*Task*: Starting at the line with "瑞金萬年青水泥防護距離內居民搬遷協(xié)議公告", copy each line through the last one below exactly as written, without any pictures.

*Supplied entries*:
------------------------------------------------
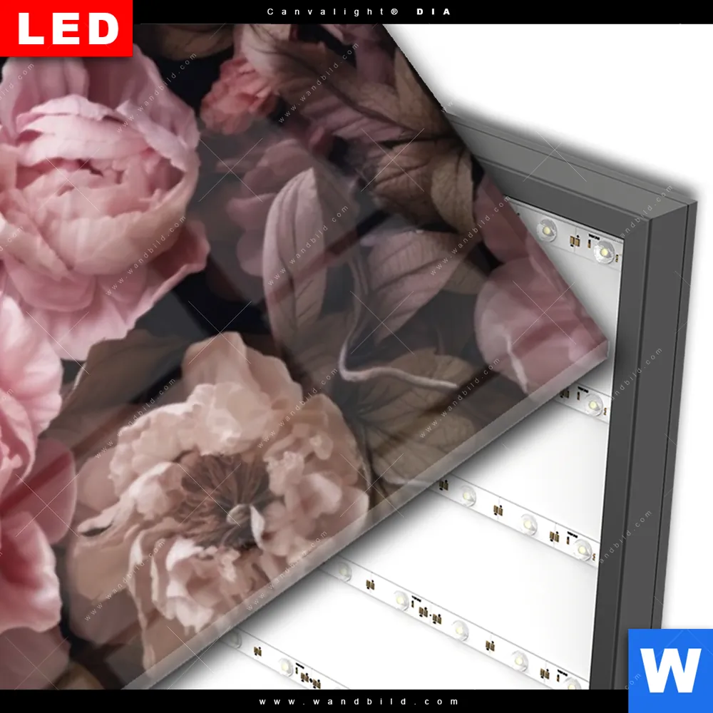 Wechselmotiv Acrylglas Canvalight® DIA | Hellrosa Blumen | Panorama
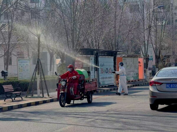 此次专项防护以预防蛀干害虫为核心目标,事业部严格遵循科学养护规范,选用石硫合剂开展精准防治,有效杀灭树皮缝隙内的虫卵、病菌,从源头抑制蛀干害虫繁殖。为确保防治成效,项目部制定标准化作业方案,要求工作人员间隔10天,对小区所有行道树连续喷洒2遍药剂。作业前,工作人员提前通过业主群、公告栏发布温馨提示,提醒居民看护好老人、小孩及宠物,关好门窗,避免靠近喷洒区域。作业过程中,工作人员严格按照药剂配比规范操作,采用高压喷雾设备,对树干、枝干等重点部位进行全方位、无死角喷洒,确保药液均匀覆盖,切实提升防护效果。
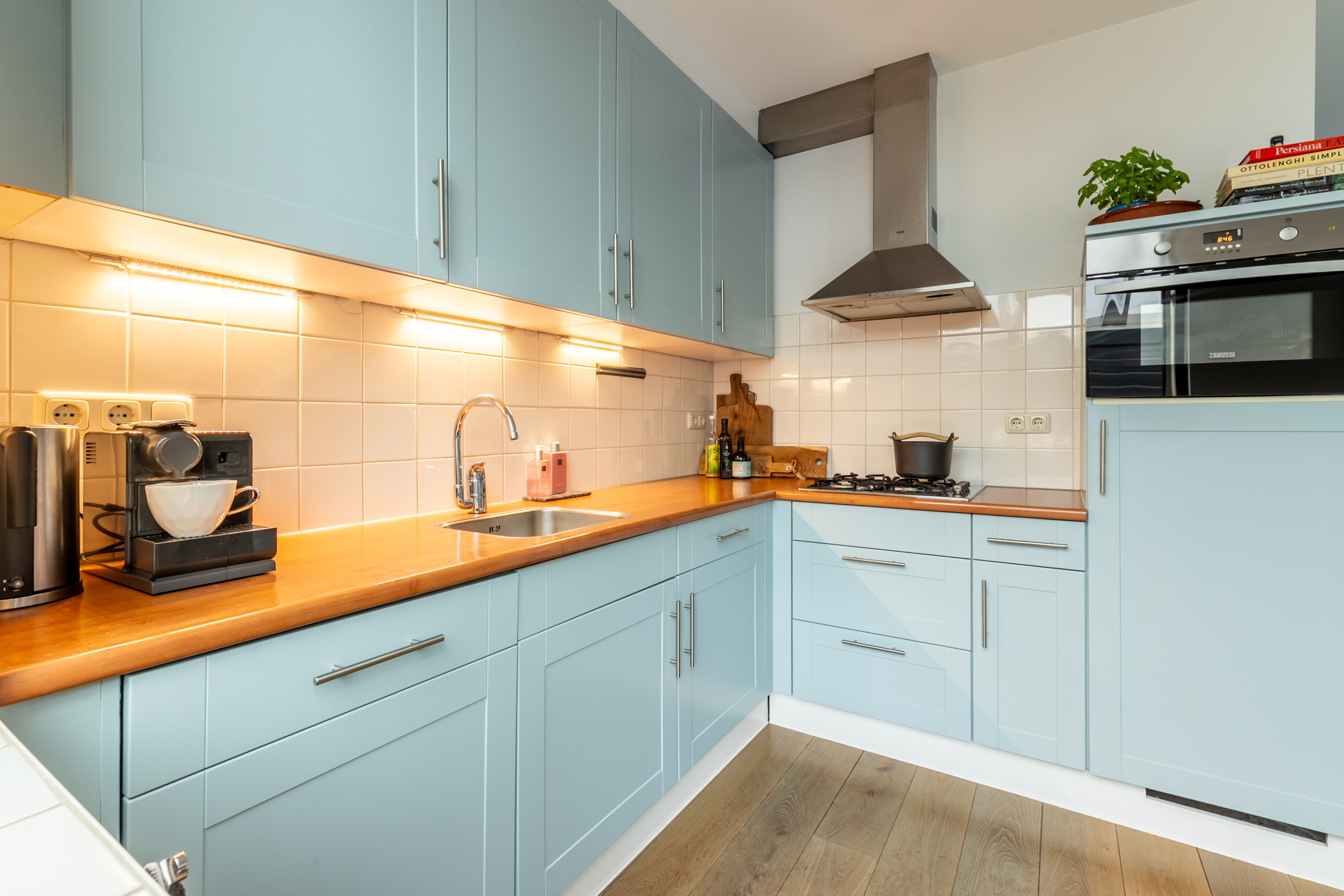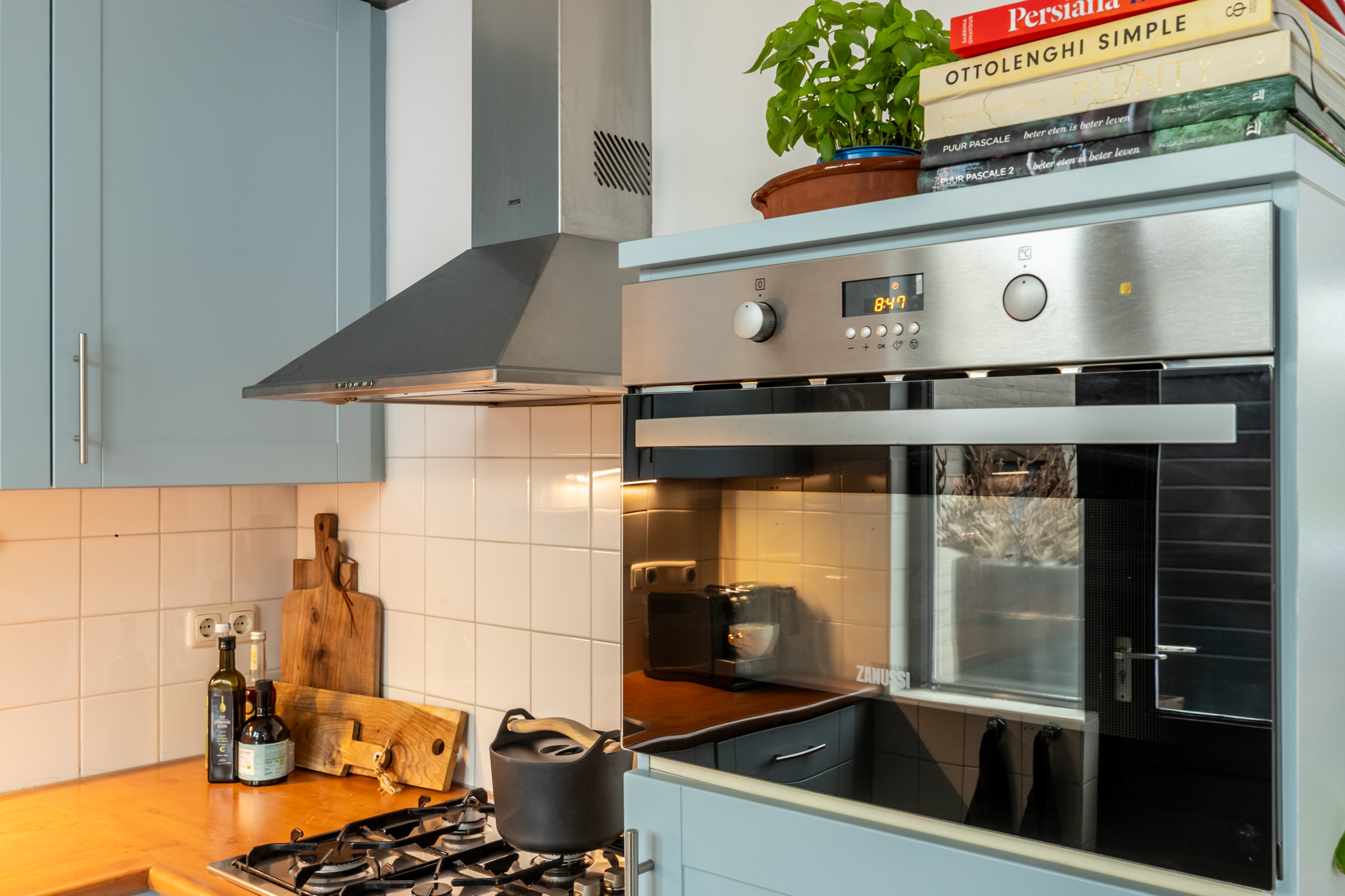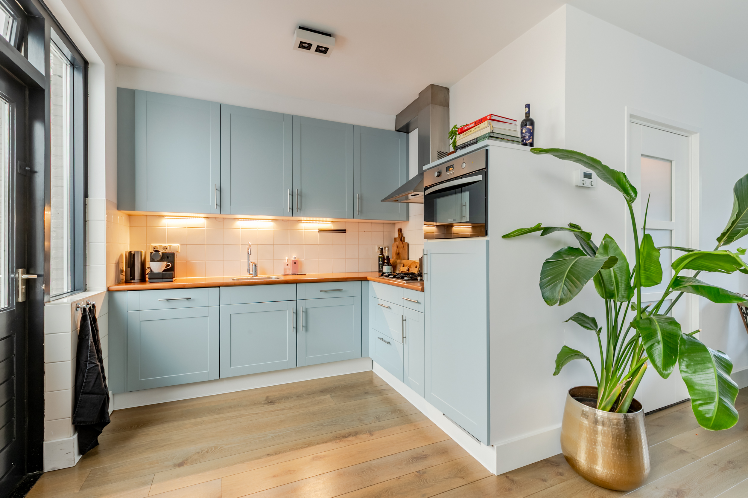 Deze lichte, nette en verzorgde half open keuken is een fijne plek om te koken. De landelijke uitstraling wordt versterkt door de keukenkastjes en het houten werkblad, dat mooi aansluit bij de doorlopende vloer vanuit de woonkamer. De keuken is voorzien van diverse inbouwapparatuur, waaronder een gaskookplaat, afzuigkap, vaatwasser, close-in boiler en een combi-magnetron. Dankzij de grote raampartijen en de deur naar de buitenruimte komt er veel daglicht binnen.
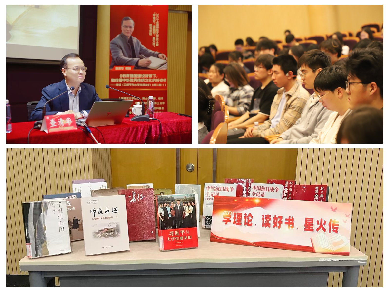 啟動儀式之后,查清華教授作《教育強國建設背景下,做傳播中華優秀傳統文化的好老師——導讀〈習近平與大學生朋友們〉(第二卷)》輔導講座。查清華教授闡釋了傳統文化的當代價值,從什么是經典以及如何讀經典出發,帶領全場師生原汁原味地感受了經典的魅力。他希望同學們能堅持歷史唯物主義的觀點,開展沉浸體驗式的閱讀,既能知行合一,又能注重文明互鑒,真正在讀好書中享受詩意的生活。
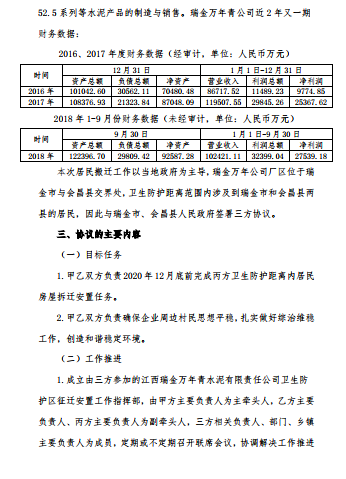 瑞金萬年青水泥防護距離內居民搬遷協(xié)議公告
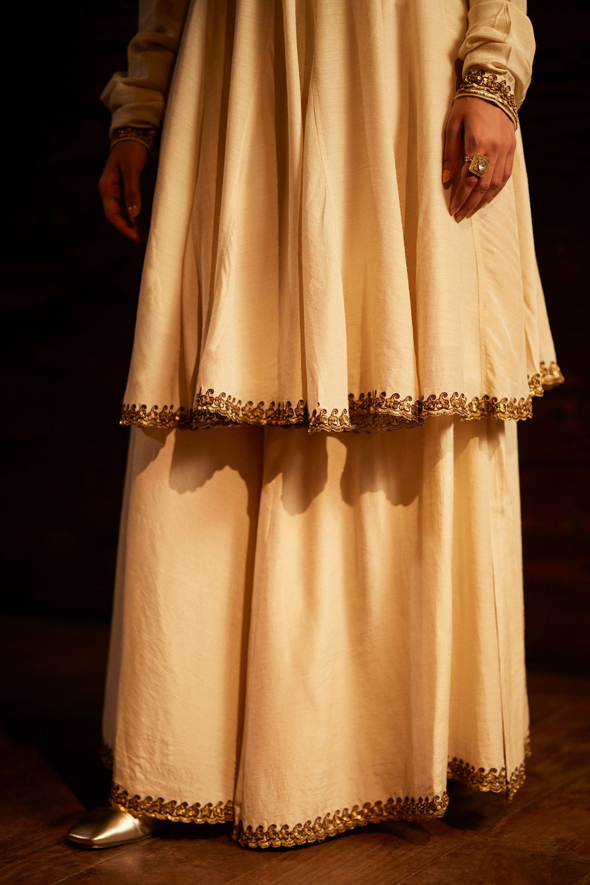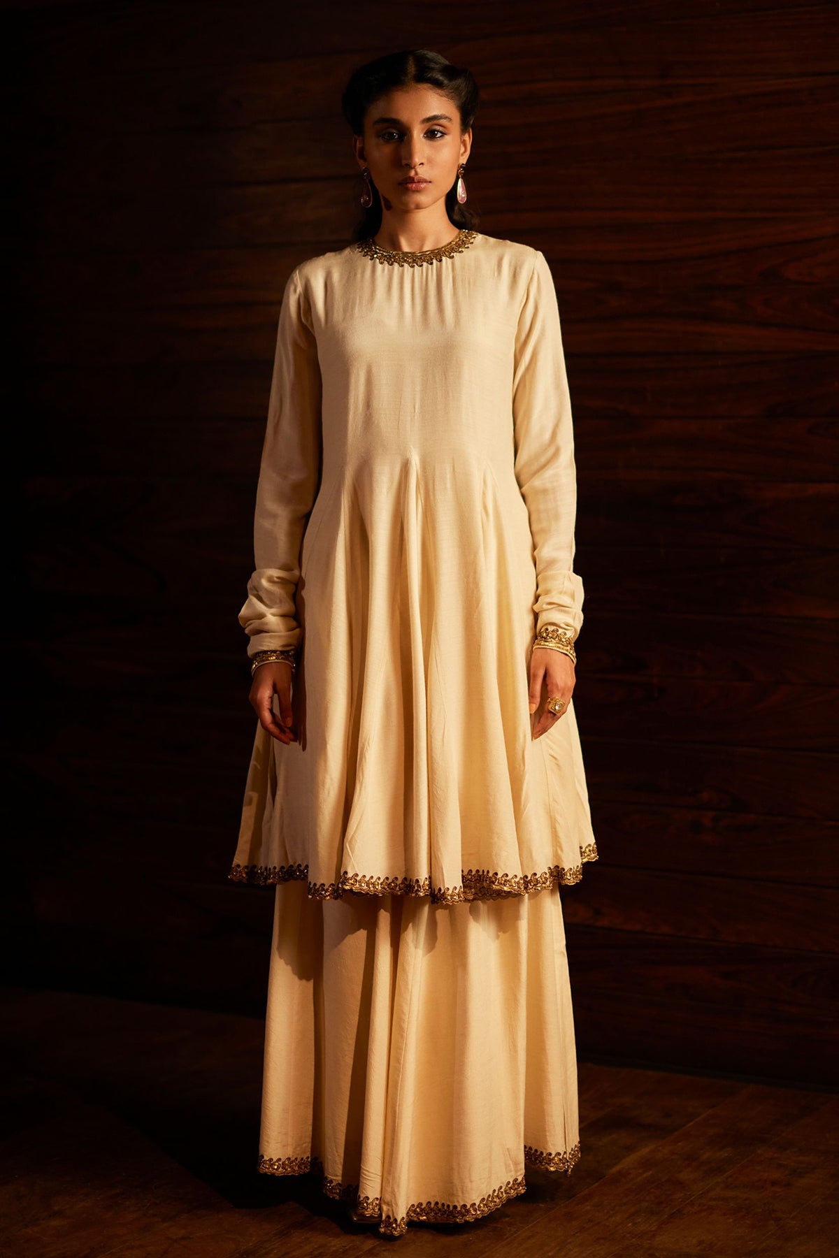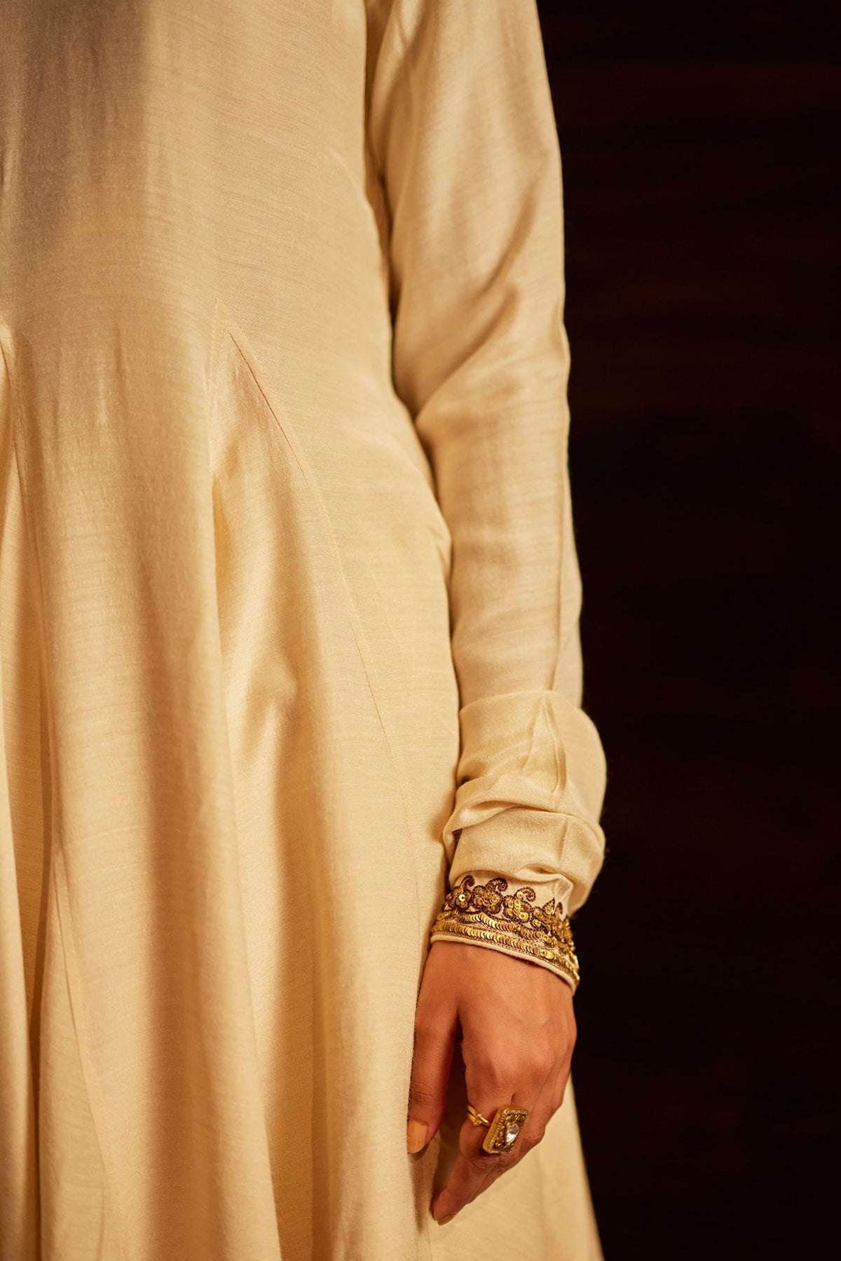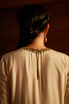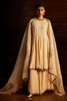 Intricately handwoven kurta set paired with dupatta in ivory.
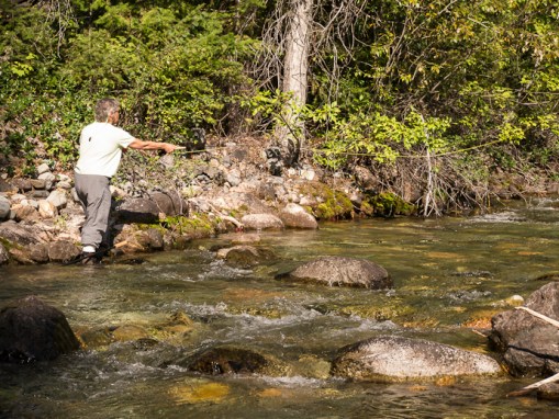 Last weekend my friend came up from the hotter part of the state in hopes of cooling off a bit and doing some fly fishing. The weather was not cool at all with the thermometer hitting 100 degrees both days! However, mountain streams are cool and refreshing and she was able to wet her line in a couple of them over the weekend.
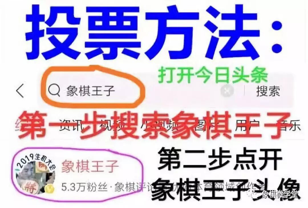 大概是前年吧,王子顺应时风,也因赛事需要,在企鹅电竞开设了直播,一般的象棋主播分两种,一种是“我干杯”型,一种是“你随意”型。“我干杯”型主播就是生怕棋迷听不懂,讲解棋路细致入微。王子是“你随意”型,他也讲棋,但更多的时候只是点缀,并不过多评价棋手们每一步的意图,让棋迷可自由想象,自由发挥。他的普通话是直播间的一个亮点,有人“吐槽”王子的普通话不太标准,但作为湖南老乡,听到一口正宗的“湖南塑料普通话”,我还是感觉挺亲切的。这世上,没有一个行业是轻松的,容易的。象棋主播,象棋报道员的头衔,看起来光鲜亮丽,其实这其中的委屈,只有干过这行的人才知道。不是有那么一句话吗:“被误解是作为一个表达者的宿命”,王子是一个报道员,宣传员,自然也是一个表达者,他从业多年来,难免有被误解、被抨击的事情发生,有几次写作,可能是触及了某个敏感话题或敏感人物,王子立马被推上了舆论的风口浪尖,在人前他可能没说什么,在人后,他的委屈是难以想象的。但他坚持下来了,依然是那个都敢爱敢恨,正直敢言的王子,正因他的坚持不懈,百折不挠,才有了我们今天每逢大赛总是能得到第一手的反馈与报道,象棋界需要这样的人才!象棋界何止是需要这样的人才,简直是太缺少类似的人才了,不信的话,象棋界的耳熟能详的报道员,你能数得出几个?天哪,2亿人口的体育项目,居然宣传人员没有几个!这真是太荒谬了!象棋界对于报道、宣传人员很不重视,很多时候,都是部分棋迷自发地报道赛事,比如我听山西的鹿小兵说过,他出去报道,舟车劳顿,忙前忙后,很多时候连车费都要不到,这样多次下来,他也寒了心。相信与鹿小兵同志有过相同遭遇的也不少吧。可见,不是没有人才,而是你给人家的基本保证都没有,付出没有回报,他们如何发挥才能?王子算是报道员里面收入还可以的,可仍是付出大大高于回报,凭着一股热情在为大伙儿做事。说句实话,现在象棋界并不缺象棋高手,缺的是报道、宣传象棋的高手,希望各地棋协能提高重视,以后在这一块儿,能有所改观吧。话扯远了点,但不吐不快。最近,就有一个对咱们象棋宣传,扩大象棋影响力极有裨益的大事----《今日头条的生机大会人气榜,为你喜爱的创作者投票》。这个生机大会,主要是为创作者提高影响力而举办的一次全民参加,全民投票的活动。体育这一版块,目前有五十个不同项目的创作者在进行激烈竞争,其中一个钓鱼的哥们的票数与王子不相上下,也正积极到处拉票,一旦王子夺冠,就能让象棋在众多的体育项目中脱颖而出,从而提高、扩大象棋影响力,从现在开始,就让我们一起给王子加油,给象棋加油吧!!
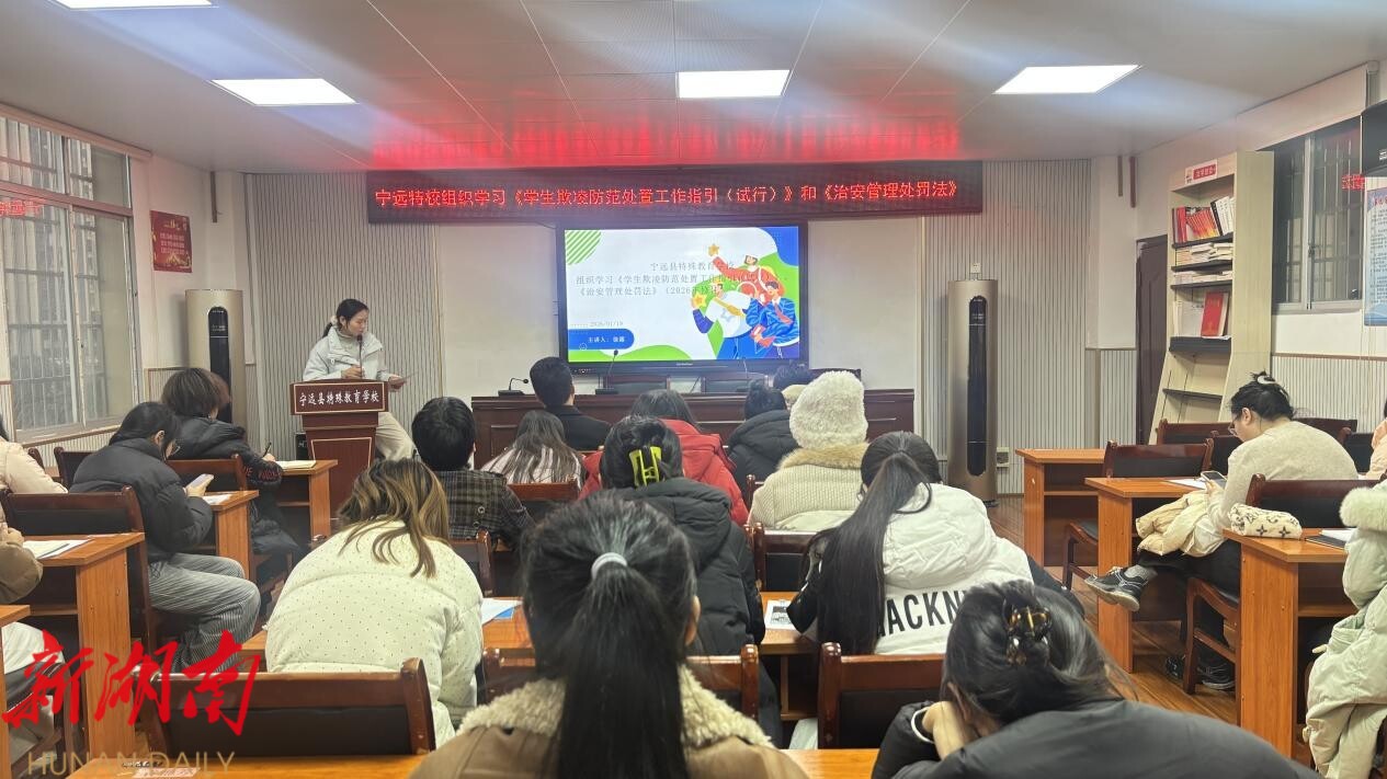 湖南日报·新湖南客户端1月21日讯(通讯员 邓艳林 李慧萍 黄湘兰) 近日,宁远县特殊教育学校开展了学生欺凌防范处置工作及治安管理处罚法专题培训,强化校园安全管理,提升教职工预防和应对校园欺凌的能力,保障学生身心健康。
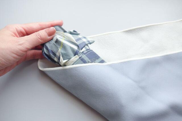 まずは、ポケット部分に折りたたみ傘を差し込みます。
------------------------------------------------
*Your response*:
 瑞金萬年青水泥防護距離內居民搬遷協(xié)議公告
 Intricately handwoven kurta set paired with dupatta in ivory.
 Last weekend my friend came up from the hotter part of the state in hopes of cooling off a bit and doing some fly fishing. The weather was not cool at all with the thermometer hitting 100 degrees both days! However, mountain streams are cool and refreshing and she was able to wet her line in a couple of them over the weekend.
 大概是前年吧,王子顺应时风,也因赛事需要,在企鹅电竞开设了直播,一般的象棋主播分两种,一种是“我干杯”型,一种是“你随意”型。“我干杯”型主播就是生怕棋迷听不懂,讲解棋路细致入微。王子是“你随意”型,他也讲棋,但更多的时候只是点缀,并不过多评价棋手们每一步的意图,让棋迷可自由想象,自由发挥。他的普通话是直播间的一个亮点,有人“吐槽”王子的普通话不太标准,但作为湖南老乡,听到一口正宗的“湖南塑料普通话”,我还是感觉挺亲切的。这世上,没有一个行业是轻松的,容易的。象棋主播,象棋报道员的头衔,看起来光鲜亮丽,其实这其中的委屈,只有干过这行的人才知道。不是有那么一句话吗:“被误解是作为一个表达者的宿命”,王子是一个报道员,宣传员,自然也是一个表达者,他从业多年来,难免有被误解、被抨击的事情发生,有几次写作,可能是触及了某个敏感话题或敏感人物,王子立马被推上了舆论的风口浪尖,在人前他可能没说什么,在人后,他的委屈是难以想象的。但他坚持下来了,依然是那个都敢爱敢恨,正直敢言的王子,正因他的坚持不懈,百折不挠,才有了我们今天每逢大赛总是能得到第一手的反馈与报道,象棋界需要这样的人才!象棋界何止是需要这样的人才,简直是太缺少类似的人才了,不信的话,象棋界的耳熟能详的报道员,你能数得出几个?天哪,2亿人口的体育项目,居然宣传人员没有几个!这真是太荒谬了!象棋界对于报道、宣传人员很不重视,很多时候,都是部分棋迷自发地报道赛事,比如我听山西的鹿小兵说过,他出去报道,舟车劳顿,忙前忙后,很多时候连车费都要不到,这样多次下来,他也寒了心。相信与鹿小兵同志有过相同遭遇的也不少吧。可见,不是没有人才,而是你给人家的基本保证都没有,付出没有回报,他们如何发挥才能?王子算是报道员里面收入还可以的,可仍是付出大大高于回报,凭着一股热情在为大伙儿做事。说句实话,现在象棋界并不缺象棋高手,缺的是报道、宣传象棋的高手,希望各地棋协能提高重视,以后在这一块儿,能有所改观吧。话扯远了点,但不吐不快。最近,就有一个对咱们象棋宣传,扩大象棋影响力极有裨益的大事----《今日头条的生机大会人气榜,为你喜爱的创作者投票》。这个生机大会,主要是为创作者提高影响力而举办的一次全民参加,全民投票的活动。体育这一版块,目前有五十个不同项目的创作者在进行激烈竞争,其中一个钓鱼的哥们的票数与王子不相上下,也正积极到处拉票,一旦王子夺冠,就能让象棋在众多的体育项目中脱颖而出,从而提高、扩大象棋影响力,从现在开始,就让我们一起给王子加油,给象棋加油吧!!
 湖南日报·新湖南客户端1月21日讯(通讯员 邓艳林 李慧萍 黄湘兰) 近日,宁远县特殊教育学校开展了学生欺凌防范处置工作及治安管理处罚法专题培训,强化校园安全管理,提升教职工预防和应对校园欺凌的能力,保障学生身心健康。
 まずは、ポケット部分に折りたたみ傘を差し込みます。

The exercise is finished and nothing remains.